** Record excerpts **

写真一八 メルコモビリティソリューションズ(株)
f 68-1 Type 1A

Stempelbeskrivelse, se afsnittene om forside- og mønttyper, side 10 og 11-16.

---

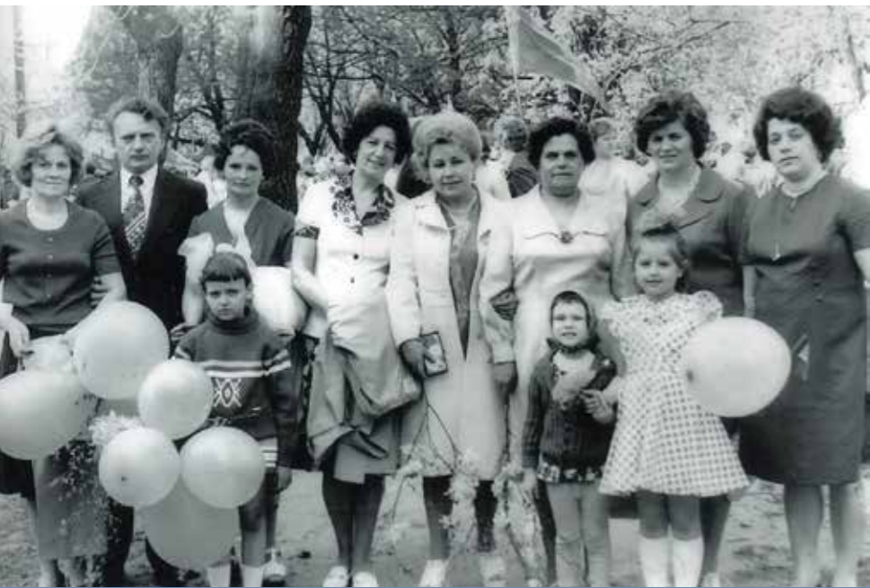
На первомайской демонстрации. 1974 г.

==

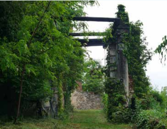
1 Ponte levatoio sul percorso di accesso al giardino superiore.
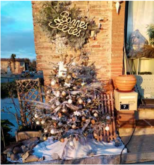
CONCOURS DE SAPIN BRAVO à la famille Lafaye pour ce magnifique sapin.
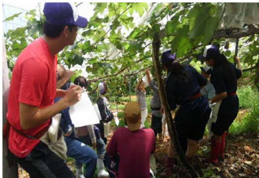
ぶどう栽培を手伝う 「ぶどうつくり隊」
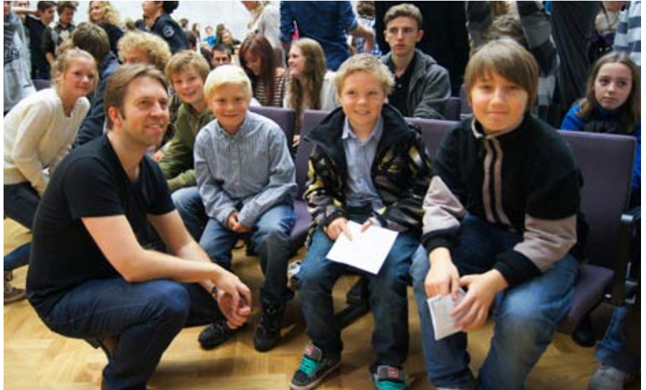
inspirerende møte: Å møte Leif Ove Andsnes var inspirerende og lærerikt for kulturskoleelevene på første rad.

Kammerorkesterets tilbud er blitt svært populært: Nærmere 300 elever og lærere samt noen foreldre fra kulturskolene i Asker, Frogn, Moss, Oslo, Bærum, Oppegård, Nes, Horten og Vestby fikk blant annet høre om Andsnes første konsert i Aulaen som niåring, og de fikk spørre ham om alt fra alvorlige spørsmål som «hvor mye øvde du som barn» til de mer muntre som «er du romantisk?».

** Requirement **
Output the lines above exactly, but only those between the line holding "写真一八 メルコモビリティソリューションズ(株)" and the line holding "Stempelbeskrivelse, se afsnittene", inclusive.

** Exercise output **
写真一八 メルコモビリティソリューションズ(株)
f 68-1 Type 1A

Stempelbeskrivelse, se afsnittene om forside- og mønttyper, side 10 og 11-16.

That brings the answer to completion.